[Collected data entries]
========
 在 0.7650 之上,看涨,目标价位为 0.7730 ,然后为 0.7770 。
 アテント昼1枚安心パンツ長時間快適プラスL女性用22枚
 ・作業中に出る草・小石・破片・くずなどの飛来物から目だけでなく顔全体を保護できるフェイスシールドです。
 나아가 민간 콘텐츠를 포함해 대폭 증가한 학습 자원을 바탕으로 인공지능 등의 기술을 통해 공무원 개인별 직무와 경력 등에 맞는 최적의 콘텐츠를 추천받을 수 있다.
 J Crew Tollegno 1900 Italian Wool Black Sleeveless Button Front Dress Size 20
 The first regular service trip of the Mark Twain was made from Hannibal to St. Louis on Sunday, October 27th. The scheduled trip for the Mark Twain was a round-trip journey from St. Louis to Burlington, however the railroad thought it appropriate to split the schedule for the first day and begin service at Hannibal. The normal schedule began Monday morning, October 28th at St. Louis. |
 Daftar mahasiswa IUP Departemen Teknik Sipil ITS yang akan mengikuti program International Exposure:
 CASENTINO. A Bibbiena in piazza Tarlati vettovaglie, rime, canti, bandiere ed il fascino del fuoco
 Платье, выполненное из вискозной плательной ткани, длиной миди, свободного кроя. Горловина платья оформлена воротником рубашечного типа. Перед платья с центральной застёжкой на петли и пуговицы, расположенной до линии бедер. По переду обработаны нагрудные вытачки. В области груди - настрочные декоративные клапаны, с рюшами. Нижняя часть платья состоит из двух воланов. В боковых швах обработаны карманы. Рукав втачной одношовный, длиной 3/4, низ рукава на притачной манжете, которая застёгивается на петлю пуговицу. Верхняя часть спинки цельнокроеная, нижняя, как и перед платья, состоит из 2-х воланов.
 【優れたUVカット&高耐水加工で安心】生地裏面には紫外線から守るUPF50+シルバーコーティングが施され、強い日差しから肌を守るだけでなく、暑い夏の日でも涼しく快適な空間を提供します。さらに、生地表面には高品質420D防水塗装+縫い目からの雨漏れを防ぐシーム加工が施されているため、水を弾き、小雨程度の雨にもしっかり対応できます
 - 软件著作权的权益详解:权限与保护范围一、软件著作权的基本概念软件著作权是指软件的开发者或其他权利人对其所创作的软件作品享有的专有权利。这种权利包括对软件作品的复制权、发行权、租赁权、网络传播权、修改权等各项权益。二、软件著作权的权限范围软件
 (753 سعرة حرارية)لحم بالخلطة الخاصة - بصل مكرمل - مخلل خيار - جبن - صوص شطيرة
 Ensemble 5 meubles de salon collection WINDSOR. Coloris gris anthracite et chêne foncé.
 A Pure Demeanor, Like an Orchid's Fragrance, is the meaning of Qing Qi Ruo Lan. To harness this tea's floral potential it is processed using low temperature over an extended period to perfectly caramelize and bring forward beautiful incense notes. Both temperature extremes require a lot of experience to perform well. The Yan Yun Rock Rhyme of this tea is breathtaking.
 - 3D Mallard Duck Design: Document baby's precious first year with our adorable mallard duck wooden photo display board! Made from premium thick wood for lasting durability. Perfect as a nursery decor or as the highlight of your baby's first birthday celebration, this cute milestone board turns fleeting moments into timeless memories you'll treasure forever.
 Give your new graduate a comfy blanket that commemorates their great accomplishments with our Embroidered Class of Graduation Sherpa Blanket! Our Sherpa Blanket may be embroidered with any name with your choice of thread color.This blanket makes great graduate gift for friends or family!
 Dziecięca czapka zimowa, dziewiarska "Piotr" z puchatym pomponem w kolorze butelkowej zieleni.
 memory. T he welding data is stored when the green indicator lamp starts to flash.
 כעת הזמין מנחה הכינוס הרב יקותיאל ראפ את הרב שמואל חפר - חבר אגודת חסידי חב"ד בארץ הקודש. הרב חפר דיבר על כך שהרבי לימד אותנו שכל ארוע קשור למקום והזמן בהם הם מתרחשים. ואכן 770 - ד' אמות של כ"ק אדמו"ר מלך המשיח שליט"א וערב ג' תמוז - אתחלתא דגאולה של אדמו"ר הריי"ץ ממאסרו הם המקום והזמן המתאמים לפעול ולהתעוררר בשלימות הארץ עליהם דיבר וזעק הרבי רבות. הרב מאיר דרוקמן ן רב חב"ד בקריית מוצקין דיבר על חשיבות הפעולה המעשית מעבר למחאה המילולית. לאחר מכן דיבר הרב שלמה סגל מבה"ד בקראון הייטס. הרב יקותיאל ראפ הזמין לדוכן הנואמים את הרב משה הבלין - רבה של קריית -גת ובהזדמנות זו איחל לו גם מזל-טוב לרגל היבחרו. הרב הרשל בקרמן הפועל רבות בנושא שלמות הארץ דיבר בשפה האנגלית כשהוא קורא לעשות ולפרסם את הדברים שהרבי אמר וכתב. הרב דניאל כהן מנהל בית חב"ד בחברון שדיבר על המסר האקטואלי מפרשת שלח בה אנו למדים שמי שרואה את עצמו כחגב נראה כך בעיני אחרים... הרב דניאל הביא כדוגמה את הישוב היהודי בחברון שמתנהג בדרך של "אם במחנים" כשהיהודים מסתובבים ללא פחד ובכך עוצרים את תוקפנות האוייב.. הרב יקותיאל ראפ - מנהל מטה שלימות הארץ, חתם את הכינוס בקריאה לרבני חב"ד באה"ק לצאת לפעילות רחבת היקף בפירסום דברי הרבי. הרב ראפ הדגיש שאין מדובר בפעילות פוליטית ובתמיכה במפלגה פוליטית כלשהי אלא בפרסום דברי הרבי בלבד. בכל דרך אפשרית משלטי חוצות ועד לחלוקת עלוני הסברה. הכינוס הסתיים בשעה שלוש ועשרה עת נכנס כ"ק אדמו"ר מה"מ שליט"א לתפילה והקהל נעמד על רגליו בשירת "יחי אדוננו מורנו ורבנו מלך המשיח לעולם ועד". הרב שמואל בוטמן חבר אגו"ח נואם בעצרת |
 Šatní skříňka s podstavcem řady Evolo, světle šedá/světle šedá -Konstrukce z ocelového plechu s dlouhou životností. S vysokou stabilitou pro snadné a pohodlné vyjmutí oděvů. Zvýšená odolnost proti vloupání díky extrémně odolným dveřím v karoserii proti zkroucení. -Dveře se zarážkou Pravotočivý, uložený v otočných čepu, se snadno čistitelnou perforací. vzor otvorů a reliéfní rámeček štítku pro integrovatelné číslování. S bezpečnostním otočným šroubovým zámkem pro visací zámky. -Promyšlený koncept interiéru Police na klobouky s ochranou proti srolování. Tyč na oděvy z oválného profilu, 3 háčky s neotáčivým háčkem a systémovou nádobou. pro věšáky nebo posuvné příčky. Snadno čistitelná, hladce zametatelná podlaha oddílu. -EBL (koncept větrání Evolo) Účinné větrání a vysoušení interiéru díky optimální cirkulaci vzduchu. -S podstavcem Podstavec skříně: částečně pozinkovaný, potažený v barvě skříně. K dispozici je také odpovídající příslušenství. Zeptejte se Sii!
========
Please give the count of lines above with "your", nothing else.

2